Hark, the Unicorn Men Have Arrived!

Exploring the potential for personal gender bias & what we can learn from fear, society, and generational social movements.

Interesting how the ones who hold the power subscribe to the belief that they are the elite; the same ones who stole, pillaged, and murdered, or at the very least, swiftly stepped aside so their brethren could feed off of stolen land and captured souls.

Unfortunately these degenerates are the descendants of men. Men themselves. Men are the ruling class, the ones who crave to use vertebrae as ladder rungs to fulfill the desire of their ego’s next conquest. Why? How? Have they always been this way?

Between colonialism, capitalism, evangelism, and patriarchy, the female never stood a chance.

“You hate men - you’re biased,” my husband says annoyed when I bring up that yet another man committed a mass shooting. He says it each time another man commits a bombing, an act of terror, a murder or a rape.

Men are responsible for 80% of violent crime. 98% of all homicide perpetrators are men. 99% of sexually violent offenders are men. Does the data show that I am really so biased? When each day I am surrounded by a gender who perpetuates such violence?

Yes, maybe I am. I clutch my keys between my fingers on long walks to my car in dark parking lots. I’ve lived an entire lifetime of never walking or hiking alone after sundown, missing out on the cool night air and the sacred, shining stars.
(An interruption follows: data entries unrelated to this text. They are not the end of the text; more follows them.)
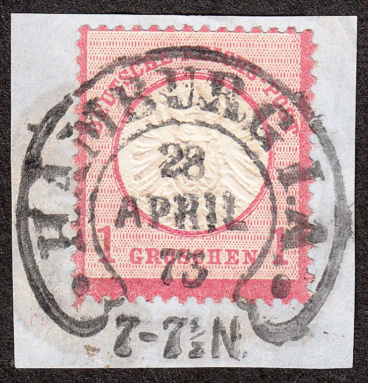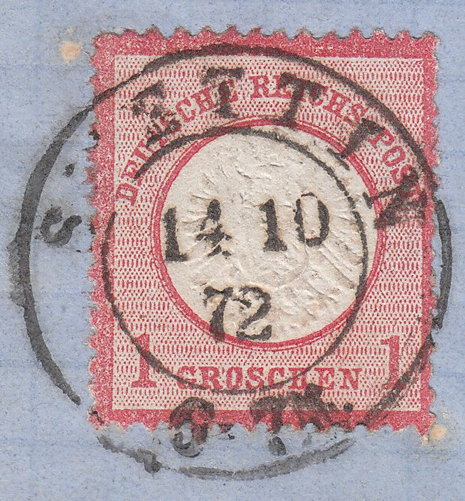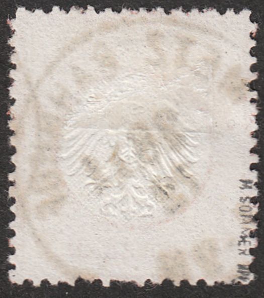 Die Entwertung erfolgte am 14.03.1873 mit einem nachverwendeten Preussenstempel ROESSEL:
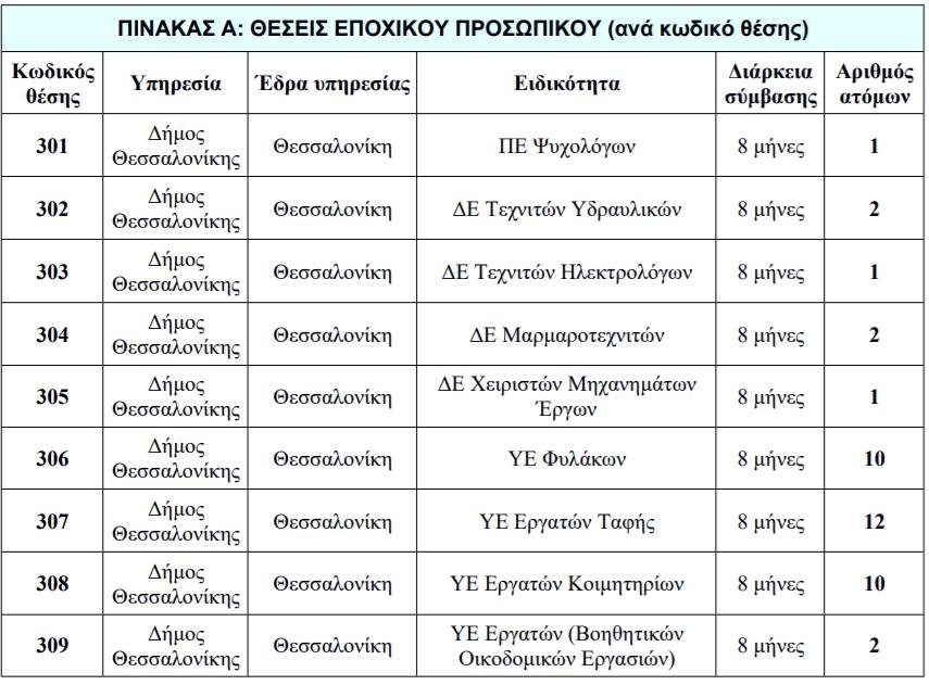 Δείτε στον πίνακα τις θέσεις εργασίας:
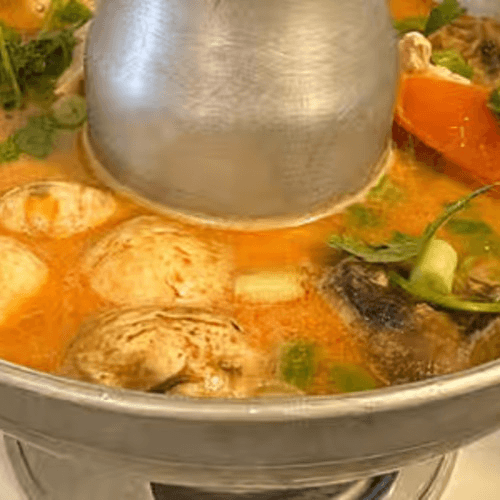 Hot and sour soup with lemongrass. Galangal kaffir leaves, mushrooms, tomatoes and garnished with green onion, cilantro
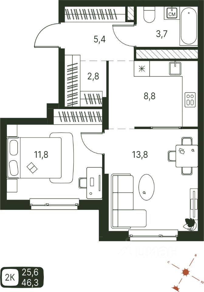 Продаётся студия в строящемся доме (Серебристая, 1), срок сдачи: IV-кв. 2027, общей площадью 46.3 кв.м., на 10 этаже. Теплые кварталы ''Погода'' — это новый грандиозный проект от создателя Спортивного микрорайона ''Ива'', федерального застройщика ''Девелопмент-Юг'' .
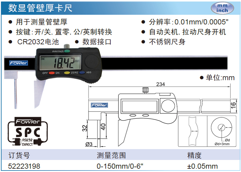 FOWLER 数显管壁厚卡尺 52223198 0-150mm 0-6" 0.01mm

Every sound heard over my shoulder in an unfamiliar place gets amplified by my nervous system, with the prospect of quickening footsteps signaling imminent danger. Since I was a teenager I’ve had to have a plan on what I would do if a man tried to assault me - would I fight and kick and scream and risk being killed? Would I be silent and hope it’s over quickly? Would I even pretend to like it, to like him so he would maybe, just maybe, let me live to see tomorrow?
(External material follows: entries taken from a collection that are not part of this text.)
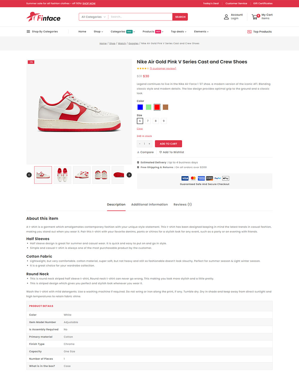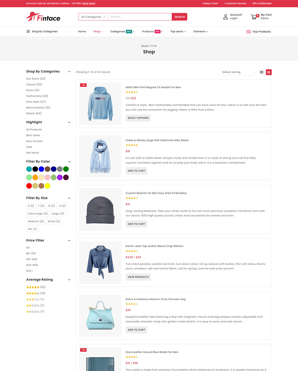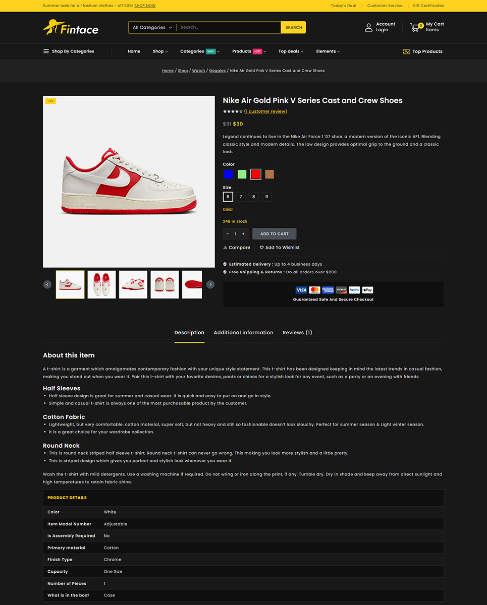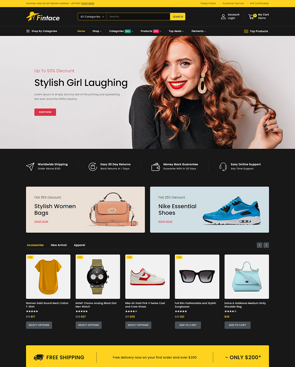 Introducing Fintace, the Multipurpose Fashion Store Elementor WooCommerce Responsive Theme that redefines online fashion retail business such has products for fashion, apparel, clothes cosmetics, jewelry, bags, watches, shoes and fashion accessories. Meticulously crafted with a perfect blend of aesthetics and functionality, Fintace empowers fashion enthusiasts, boutique owners, and trendsetters to create an immersive and seamless shopping experience for their customers.
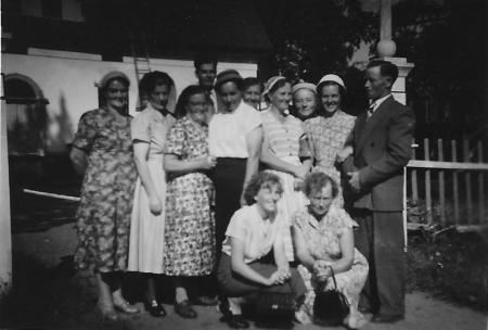 Från vänster: Okänd (kan vara Svea Hjerpe från Stormis), Ines Lithén, Alvina Pellas, Adele Lund, Emilia Lithén, Emmy Lax, Selma Storm, okänd, Eero Storm.
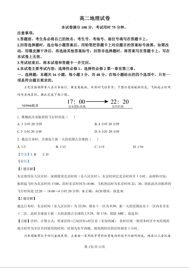 江西省部分学校2024-2025学年下学期3月高二联考地理(精品解析版)
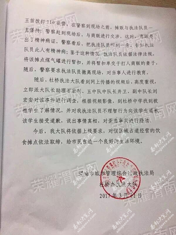 當(dāng)晚6點(diǎn)以后,涉事執(zhí)法隊(duì)員所屬執(zhí)法大隊(duì)杜橋執(zhí)法大隊(duì)書面回復(fù)便在網(wǎng)絡(luò)中被網(wǎng)友們不斷的轉(zhuǎn)載。據(jù)該回復(fù)稱:2017年3月22日中午12時(shí)40分左右,杜橋執(zhí)法大隊(duì)市容機(jī)動(dòng)中隊(duì)謝鵬、朱勇、康忠民、王苗等4名執(zhí)法隊(duì)員在杜橋中學(xué)門前取締占道經(jīng)營飲食攤點(diǎn),當(dāng)時(shí)有八個(gè)攤點(diǎn)在此經(jīng)營,七個(gè)已勸離,其中一戶不愿離開,與執(zhí)法隊(duì)員康忠民發(fā)生言語沖突,在康忠民要求其搬離此處,禁止銷售時(shí),攤點(diǎn)經(jīng)營者情緒激動(dòng),突然,用鋼管圓凳子砸向執(zhí)法隊(duì)員康忠民,致使康忠民胳膊、背部等多處軟組織損傷,執(zhí)法隊(duì)員謝鵬、王苗等見狀,立即趕到康忠民處進(jìn)行勸導(dǎo),在勸導(dǎo)過程中,杜橋中學(xué)一名學(xué)生說城管打人,不明真相的約五六十名學(xué)生一起起哄、謾罵城管,因康忠民被打,情緒比較激動(dòng),見學(xué)生歪曲事實(shí),上前推了一下起哄的學(xué)生,隨后,機(jī)動(dòng)中隊(duì)執(zhí)法隊(duì)員朱勇、陳新亮、魏楠、徐嬌、姜寧寧、孫偉珍趕到現(xiàn)場,準(zhǔn)備對該攤點(diǎn)煤氣罐進(jìn)行暫扣,在執(zhí)法隊(duì)員朱勇關(guān)閉液化氣罐閥門時(shí),攤點(diǎn)經(jīng)營者用鋼管圓凳砸向朱勇手臂處,致使朱勇左前臂及手背部多處軟組織損傷,打完人后,打人攤販妻子將凳子抓住,阻止攤販再次打人,這時(shí),攤販用左手抓起攤位上的刀具,威脅城管隊(duì)員,并大聲說“這是市長讓他在此擺攤”,這時(shí),旁邊另一名攤販上前奪取打人攤販左手所持的刀具;為了不與攤販再次發(fā)生肢體上的沖突,執(zhí)法隊(duì)員王苗撥打110報(bào)警,在警察到現(xiàn)場之前,攤販與執(zhí)法隊(duì)員一直僵持;警察趕到現(xiàn)場后,與商販進(jìn)行交涉,這時(shí),商販亮出了精神病證,警察看后,把執(zhí)法隊(duì)員叫到一旁,告知執(zhí)法隊(duì)員此人有精神??;鑒于這種情況,執(zhí)法隊(duì)員依據(jù)法律法規(guī),將該攤點(diǎn)煤氣罐進(jìn)行暫扣,并將暫扣單交于打人商販的妻子,隨后,警察要求執(zhí)法隊(duì)員撤離現(xiàn)場,對當(dāng)事人進(jìn)行教育。

I suppose yes, I am biased.

The disdain comes easily from having to live a life thrust into a pool of fear, rippling like searing magma through my veins. How could I not despise most of them, especially when very few have demonstrated they can behave safely? When very few stand against their own to admonish truly heinous behavior? And then, I think of my sons.
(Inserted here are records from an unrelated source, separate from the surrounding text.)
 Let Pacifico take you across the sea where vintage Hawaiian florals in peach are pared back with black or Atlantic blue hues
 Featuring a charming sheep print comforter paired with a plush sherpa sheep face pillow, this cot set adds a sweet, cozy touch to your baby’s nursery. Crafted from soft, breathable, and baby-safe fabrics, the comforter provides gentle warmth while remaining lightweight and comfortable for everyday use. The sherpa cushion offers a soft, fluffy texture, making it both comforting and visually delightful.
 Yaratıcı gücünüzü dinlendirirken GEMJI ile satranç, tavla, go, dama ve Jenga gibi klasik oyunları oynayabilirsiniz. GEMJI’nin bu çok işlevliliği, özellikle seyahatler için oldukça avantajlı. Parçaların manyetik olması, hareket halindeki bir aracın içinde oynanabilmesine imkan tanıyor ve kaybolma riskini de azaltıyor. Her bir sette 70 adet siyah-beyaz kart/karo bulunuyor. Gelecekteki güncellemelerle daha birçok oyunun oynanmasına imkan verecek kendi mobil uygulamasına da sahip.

It’s funny how such deep disgust can melt away when I think about my own boys, loving and generous and kind. Until it dawns on me that my deepest horrors will be realized; these beautiful creatures, my babies, shall become men.

My heart softens a bit. The traumas from all men past weep. They anguish. They thrash. They surrender in desperation. The very things I love most shall inhabit the world for most of their lives as something for so long I could not stand to bear. How can I reconcile it? I must reconcile it.

Deep down I’ve always known it isn’t inherently man that is violently flawed. Rather, it’s the corruption of power, the patriarchy that cranks out its soulless army perpetrated on the meek. Patriarchy robs indiscriminately; it robs women of their safety, autonomy, and freedom. It robs the diligent soldiers of their spirits, their emotions, their compassion. An army which feels and communicates effectively cannot be commanded and controlled. While we lose our lives, so too do the soldiers, the men, all while clawing at their hollowly promised chance at calling the shots. Sadly, unbeknownst to the army, they’re instead being led straight off a cliff.

All of this to say, I know it’s society. I know it’s patriarchy, misogyny, racism, colonialism, classism, and the obscenely wealthy that generate these systemic issues; that corrupt and hijack our boys, our sweet, beautiful, innocent boys. I know they’re being used as a means to an end with their humanity stripped from them, too. Now my heart aches, aches with the epiphany that it never had to be this way. It doesn’t have to be this way. And yet…

Newer generations of young men are forming with parents and children alike quickly tiring of the status quo. A generation demanding safety and autonomy and true freedom for us all. A world without powerful oppressive systems running the show. Can you picture it? Baby boys are soothed by their mothers, encouraged to share their feelings and sob. A generation of boys who communicate emotions and dreams and passions effectively, and with gusto! Bright, ambitious young lads who feel proud to be themselves and to love, happy to love out loud. To fight for that love boldly. Dreamy and surreal, it’s almost too good to be true. Yet still, I meet another unicorn everyday.

My boys, my men will be unicorns, a beacon of hope in the sea of bleak. They shall pave the way for more like them, for more love, more compassion, more hugs. And for as long as I live they’ll never utter the phrase “babysitting my kids.”

Will I ever feel safe in a world with men? Maybe not. But I look forward to the day when the horizon is littered with unicorns.